**Supplied entries:**
===============

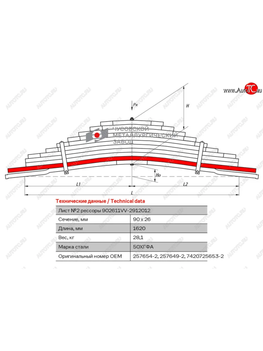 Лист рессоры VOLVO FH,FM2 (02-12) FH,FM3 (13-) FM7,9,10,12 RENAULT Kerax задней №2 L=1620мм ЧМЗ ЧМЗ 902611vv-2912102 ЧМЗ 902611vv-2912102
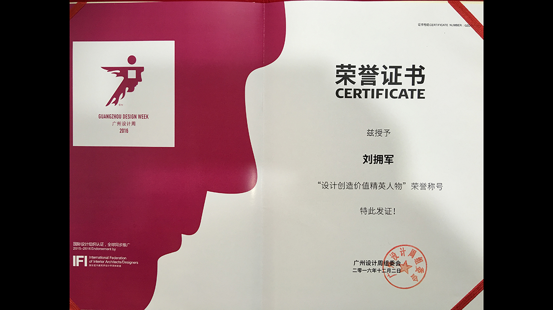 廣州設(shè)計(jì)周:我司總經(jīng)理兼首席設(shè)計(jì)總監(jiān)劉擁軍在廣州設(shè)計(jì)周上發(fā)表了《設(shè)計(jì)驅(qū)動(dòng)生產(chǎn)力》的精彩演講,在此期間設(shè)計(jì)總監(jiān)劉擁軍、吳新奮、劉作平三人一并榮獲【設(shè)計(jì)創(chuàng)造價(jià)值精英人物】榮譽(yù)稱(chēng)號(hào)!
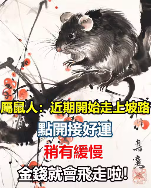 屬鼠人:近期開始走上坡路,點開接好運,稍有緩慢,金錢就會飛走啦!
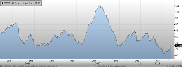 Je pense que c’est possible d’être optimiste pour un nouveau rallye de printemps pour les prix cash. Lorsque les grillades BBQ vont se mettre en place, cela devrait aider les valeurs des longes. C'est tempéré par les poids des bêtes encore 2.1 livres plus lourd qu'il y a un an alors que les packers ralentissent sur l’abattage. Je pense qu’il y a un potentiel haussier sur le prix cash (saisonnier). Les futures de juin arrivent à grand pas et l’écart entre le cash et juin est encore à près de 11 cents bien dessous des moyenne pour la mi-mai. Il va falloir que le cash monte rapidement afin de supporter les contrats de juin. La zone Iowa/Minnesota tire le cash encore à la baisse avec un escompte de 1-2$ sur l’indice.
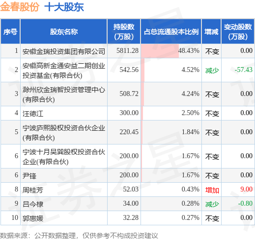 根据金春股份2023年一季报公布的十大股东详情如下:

===============

**Prompt:**
Transcribe word for word only the lines from the one with "屬鼠人:近期開始走上坡路,點開接好運,稍有緩慢,金錢就會飛走啦!" through the end of the listing; every picture is to be omitted.

**Finished exercise:**
 屬鼠人:近期開始走上坡路,點開接好運,稍有緩慢,金錢就會飛走啦!
 Je pense que c’est possible d’être optimiste pour un nouveau rallye de printemps pour les prix cash. Lorsque les grillades BBQ vont se mettre en place, cela devrait aider les valeurs des longes. C'est tempéré par les poids des bêtes encore 2.1 livres plus lourd qu'il y a un an alors que les packers ralentissent sur l’abattage. Je pense qu’il y a un potentiel haussier sur le prix cash (saisonnier). Les futures de juin arrivent à grand pas et l’écart entre le cash et juin est encore à près de 11 cents bien dessous des moyenne pour la mi-mai. Il va falloir que le cash monte rapidement afin de supporter les contrats de juin. La zone Iowa/Minnesota tire le cash encore à la baisse avec un escompte de 1-2$ sur l’indice.
 根据金春股份2023年一季报公布的十大股东详情如下:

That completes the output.